Teslim olan esirleri kılıçtan geçirmek hangi mantığa sığar?
13-Rasulullah kendisinin değil de neden başkasının vereceği hükme uysun?
Bu konuda da ayet ona yol gösteriyordu:
“O halde artık onların aralarında Allah’ın indirdiklerine uygun olarak hüküm ver; sana gelen hakikati bırakarak onların keyfi yargılarına uyma.” (Maide, 5/48)
Rasulullah kendi hüküm yetkisini, neden karşı tarafın isteğine uyarak İbni İshak’a devretsin?
14- Kurayzaoğulları hakkında farklı anlatımlar da var. Neden dikkate alınmaz?

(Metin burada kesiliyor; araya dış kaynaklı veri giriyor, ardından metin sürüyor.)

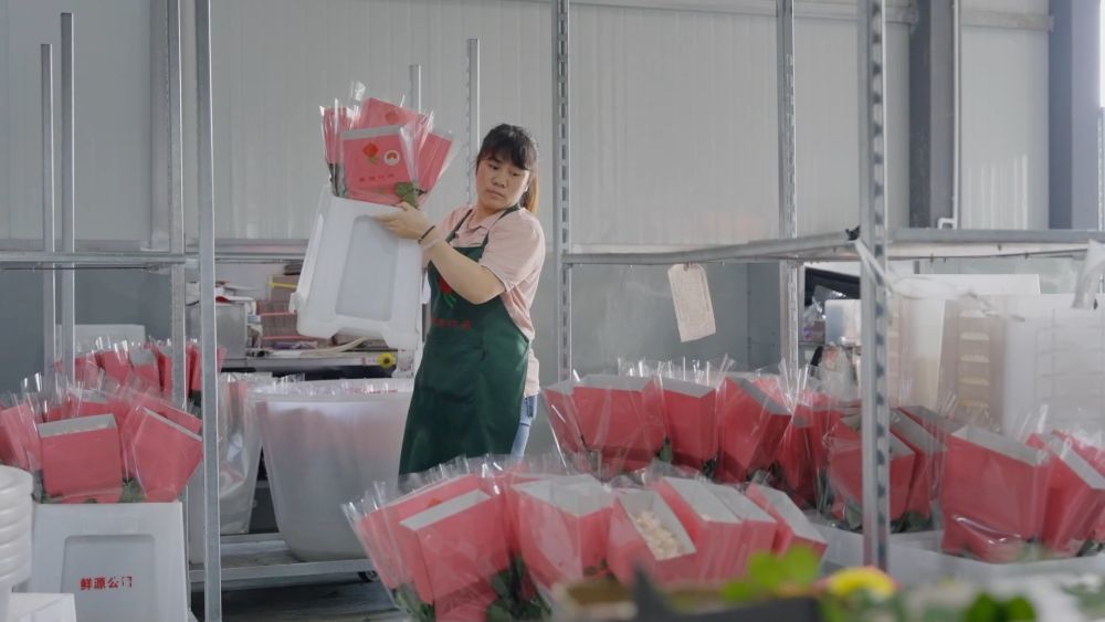 在晋宁昆阳张良花卉专业合作社的包装车间内,工人们忙着分拣、包装和打包,现场一派繁忙。云南晋宁昆阳张良花卉专业合作社负责人张良表示,最近白色、红色和粉色的玫瑰鲜切花特别受欢迎,每天出货量20多万枝。“我们的花主要发往上海、重庆、广州等城市。目前整个销售量情况比较良好,订单还在持续增长。”

Yazar, bu haklı sorulardan sonra kanaatini de yazmış:
“Her nasılsa İbni İshak’ın siyerine girmiş bulunan söz konusu malumat (bilgi ve haber) Kur’an’ın genel ilkelerine ve Hz. Peygamberin öncesinde ve sonrasındaki tatbikatlarına uymamaktadır. Sorun –haşa- Hz. Peygamberin tatbikatında veya Sad bin Muaz’ın verdiği kararda değil, sorun rivayetin kendisindedir. Haber-i ahad hükmünde bile olmayan bir siyer malumatını Mısır Firavununun İsrailoğullarına reva gördüğü cezayı veya Masada olayını andırırcasına 300 ile 900 erkeğinin boğazlanmasına mesnet göstermek usul yönünden batıldır. Siyer kaynaklarının verdiği bilgi ve haberler, Kur’an’ın ve sahih sünnetin açık hükümlerine aykırı düştüğünde usul yönünden değerini kaybeder.”

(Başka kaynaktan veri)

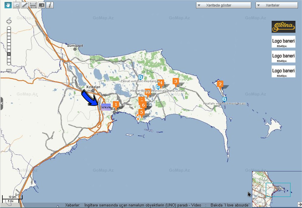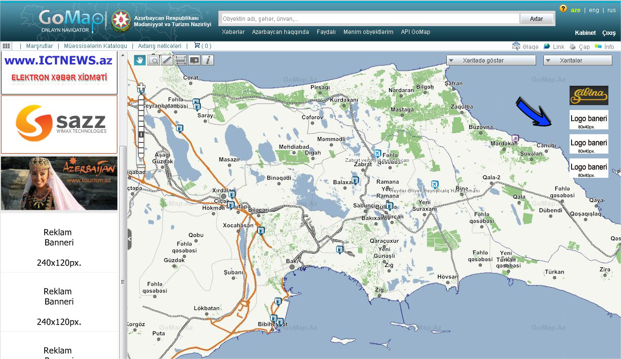 A special icon (or Logo) of the advertised object is presented at a certain distance of the zoom on the map.

Ben de aynı görüşteyim. İbni İshak’ın anlattıkları gerçek dışıdır. Yazılanlar Rasulullah’a yapılmış büyük bir iftiradır. İslam düşmanları bu rivayetleri delil göstererek İslam’a saldırmakta; barış, rahmet ve merhamet elçisini karalamakta, diktatör ve acımasız göstermektedir.
Kaynaklardaki bu gibi mesnetsiz rivayetlerin ve iftiraların temizlenmesi ve gerçeklerin ortaya çıkarılması için, korkusuz tarihçilerin ve bilginlerin çoğalmasını bekliyorum.